This is the second in the Newfoundland series. Scroll down to find Part 1, Gros Morne.
On a lonely highway in a tempest on Newfoundland’s remote Northern Peninsula, we finally spotted our first moose. Luckily, before moose met grill, the big bull stepped off the road into the ditch and I was able to keep the rig down the centerline, avoiding the frigid Gulf of St. Lawrence to our left and a frightfully deep fen to our right.
We had set out that morning from Gros Morne National Park, 350 km south ‘up’ the coast. The night before had been clear and 7 degrees. By early morning it was rain and 17. This was the muggy aftermath of Hurricane Irma, which long after devastating Key West, was now bringing high winds and warm rain to remote—and distinctly non-tropical—Newfoundland.

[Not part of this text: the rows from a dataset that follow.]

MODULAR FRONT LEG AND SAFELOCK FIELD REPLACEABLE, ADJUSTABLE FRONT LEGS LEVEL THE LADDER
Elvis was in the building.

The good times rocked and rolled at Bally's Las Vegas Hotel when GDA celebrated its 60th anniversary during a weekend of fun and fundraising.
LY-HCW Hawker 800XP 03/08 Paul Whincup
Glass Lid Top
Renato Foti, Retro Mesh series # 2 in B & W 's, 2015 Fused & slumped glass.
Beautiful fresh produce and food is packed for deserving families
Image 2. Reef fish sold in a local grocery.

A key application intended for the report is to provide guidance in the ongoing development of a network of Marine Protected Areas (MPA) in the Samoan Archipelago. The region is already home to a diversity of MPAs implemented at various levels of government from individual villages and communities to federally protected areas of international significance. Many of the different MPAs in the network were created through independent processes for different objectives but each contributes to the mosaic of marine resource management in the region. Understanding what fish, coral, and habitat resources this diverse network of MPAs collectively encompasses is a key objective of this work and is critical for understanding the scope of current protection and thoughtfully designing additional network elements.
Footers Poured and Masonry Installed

L’Anse aux Meadows is located on the remote west coast of Newfoundland.
We were bound for L’Anse aux Meadows, on the extreme tip of northwest Newfoundland where lie the remains of North America’s oldest European settlement. It was October so, although we arrived before 5 p.m., twilight was nigh as we settled in at the Viking RV Park. We were the only campers. The office was closed. In the morning I deposited cash in the “off-season/$25 per night” bucket by the abandoned office and drove the remaining few km to the National Historic Site.
One of the advantages to a late fall motorhome trip is that, with darkness extant by suppertime, it’s early to bed—and early to rise. (The healthy wealthy and wise part I won’t comment on.) So, uncharacteristically, we arrived at L’Anse aux Meadows first thing in the morning, just as the park gates were being unlocked.

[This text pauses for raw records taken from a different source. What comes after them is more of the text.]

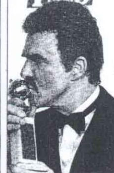
Burt Reynolds "Evening Shade"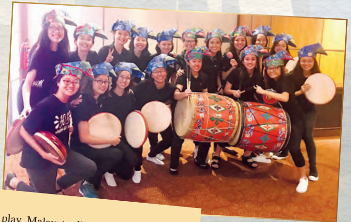
NYGH MSP students performing the traditional Malay gendang and kompong as part of a cultural showcase.

Acara ini telah dianjurkan oleh Sekolah Menengah Zhenghua untuk sekolah-sekolah kelompok CW6. Tema bagi acara tahun ini adalah 'Inilah Warisan Kita!'. Pelajar-pelajar daripada pelbagai sekolah yang terlibat telah mengadakan persembahan seperti tarian tradisional Melayu, persembahan kompong dan juga nyanyian. Pelajar-pelajar Menengah 4 Bahasa Melayu (Program Khas) juga telah membuat satu persembahan gendang dan kompong tradisional Melayu setelah menjalani satu program pengayaan budaya di sekolah.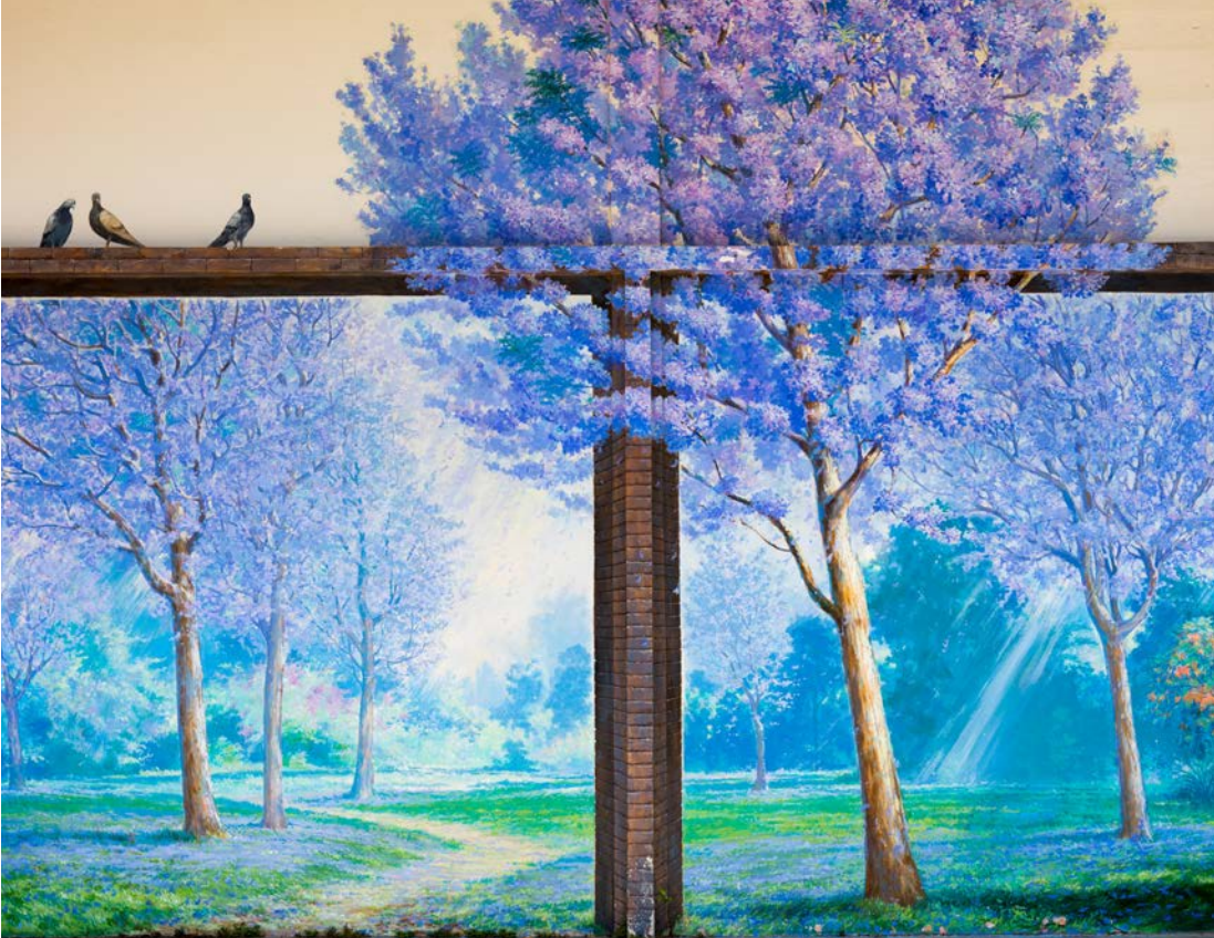
Street Art Thap Thiang Old Town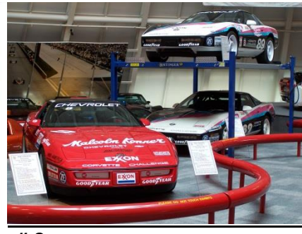
1989 Corvette Challenge Race Car # 8

In 1989, the SCCA sanctioned Corvette Challenge race series continued for its second and final year. The (12) Corvette Challenge races were run in conjunction with various Trans Am, NASCAR, and Cart Indy Car races.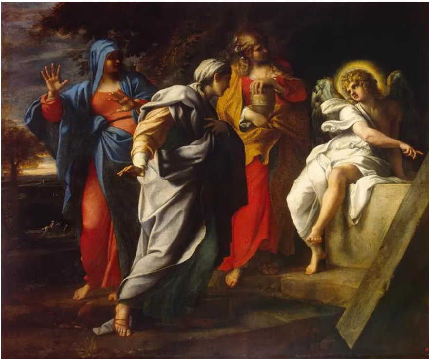
The Holy Women at Christ's Sepulchre 1598 Annibale Carracci

Easter Day April 9, 2023 8:00am & 10:30am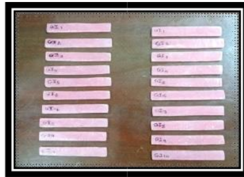
Figure (2): Samples for study Control and experimental groups.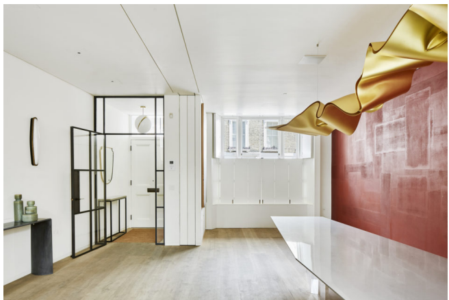
London, West London Sold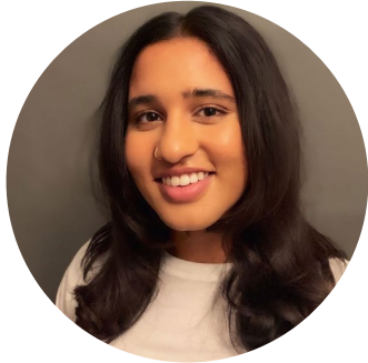
Chief Operating Officer, Chargehound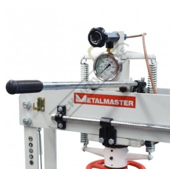
Handle to Operation Ram

“…Both are horrible!” said the Leif look-alike…”
Leif Ericsson, a Norse explorer, together with his small group of intrepid fellow Viking seafarers, landed here around 1000 AD. They strategically chose this spot near the Straight of Belle Isle, within sight of Labrador. They called the place Vinland, the land where wild grapes grow. Setting up a sturdy encampment of turf-walled buildings, they explored for hardwood lumber, iron ore and arable land.
From the visitor center we followed a Parks Canada interpreter down the winding boardwalk toward the sea. He showed us the faint remains of the original sod buildings: the Leader’s Hall, labourer’s quarters, a women’s workshop and the smelting hut where a charcoal kiln produced iron from bog ore. But the terrain was unwelcoming—as perhaps was the indigenous native population—and after only a decade or two, the Vikings abandoned the site, burning everything as they departed.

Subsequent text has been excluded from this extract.